(whoops, I wrote this a while ago and never published it)
A month or two ago I was chosen to play the part of the “REST advocate” at the SD Forum Web Services Conference in Santa Clara. For the past several years I’ve had a “REST vs. SOAP” slide in my stock Amazon Web Services presentation.
Although in reality I am not anti-SOAP or some sort of REST bigot, I do find a number of things attractive about the REST model. Since I wrote a bunch of these down in advance of the conference and didn’t get to use all of them in the limited amount of time that was available, here they are for posterity.
- REST builds on what people know — the HTTP protocol, XML, XSLT, and basic knowledge of string processing.
- REST is easy to demo — just load a URL into a browser. The results are self-evident and the mental wheels start to turn when people see this in action.
- Potential REST URLs are easy to test; again, just load them into a browser.
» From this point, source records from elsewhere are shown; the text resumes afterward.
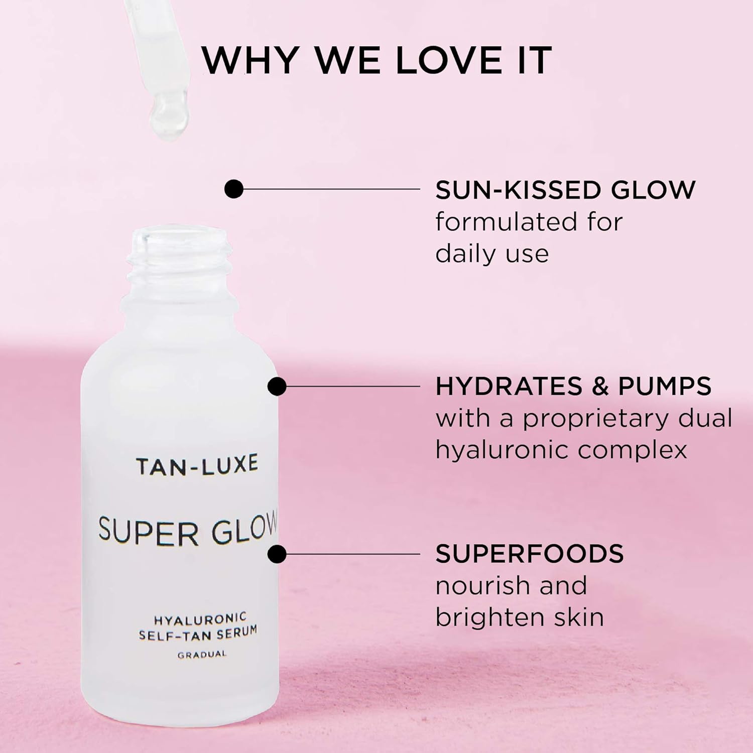 TANLUXE Super Glow Hyaluronic Self Tan Serum combines the greatest in gradual tanning with a powerful complex of a Hyaluronic Hybrid and 7 Superfoods for the first supercharged, multipurpose serum Containing a complex of Hyaluronic Acid & extremely low molecular weight Sodium Hyaluronate, these 2 high performance ingredients combine for a. TANLUXE Super Glow is a hyaluronic super serum that hydrates while nourishing, superfood ingredients work to even skin tone, colorcorrect and minimize pigmentation all with the ability to customize your glow Cocoa seed extract shields skin from environmental aggressors, while the lightweight formula melts into skin. Super Glow is the World’s first hyaluronic, superfood selftan serum Think your best skin day ever, bottled A gradual sunkissed glow formulated for daily use, the lightweight hyaluronic complex quenches & plumps skin.
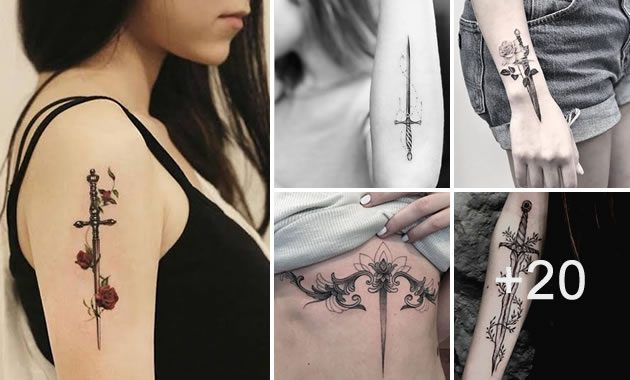 Diseños bellos de Tatuajes de espadas para mujeres
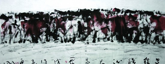 生命的風景,我是從多達數十幅不同主題的草原風光中看到的。如《套馬桿》(2010)、《草原的節日》(2012)、《那達慕開幕式》(2013)、《摔跤手出場》(2013)、《烏珠穆沁大馬群》(2018)等?!恫菰墓澣铡妨攘葦倒P,一組蒙古漢子歡快地搭肩踢腿舞蹈得以呈現,看著他們,就像聽到了踏著節拍的強烈節奏?!端邮殖鰣觥肪€條多了不少,摔跤手甩開的長袍、飄起的衣襟、雄健的跨步,傳遞出他旺盛的生命力。137*309厘米的大幅作品《烏珠穆沁大馬群》中,馬匹繪滿了畫面,既看不出馬群是向人前踏行,也看不出馬群是向天邊飛馳,但是,就是令人感到馬群的巨大生命力!或許畫家正是通過模糊的、聚集的、色彩不一的馬匹,傳遞了草原上健康的旺盛的熱烈的生命。

- REST results can be formatted for display using XSLT.
- REST output is efficient for the server to generate and efficient for the client to process.
- Almost any language and platform can easily do an HTTP GET operation.
- Developers can attack REST XML output at their own level, using the skills and tools that they know. They can use the DOM, they can use XSLT, they can use regular expressions, or they can use simple Visual Basic-style string processing (instr, left, right, mid, and the like).
So what don’t I like:
- There’s no tool or toolkit support.
- There’s no equivalent of WSDL for REST. Some people have told me that the newest version of WSDL can in fact describe a REST URL but I don’t know enough to say.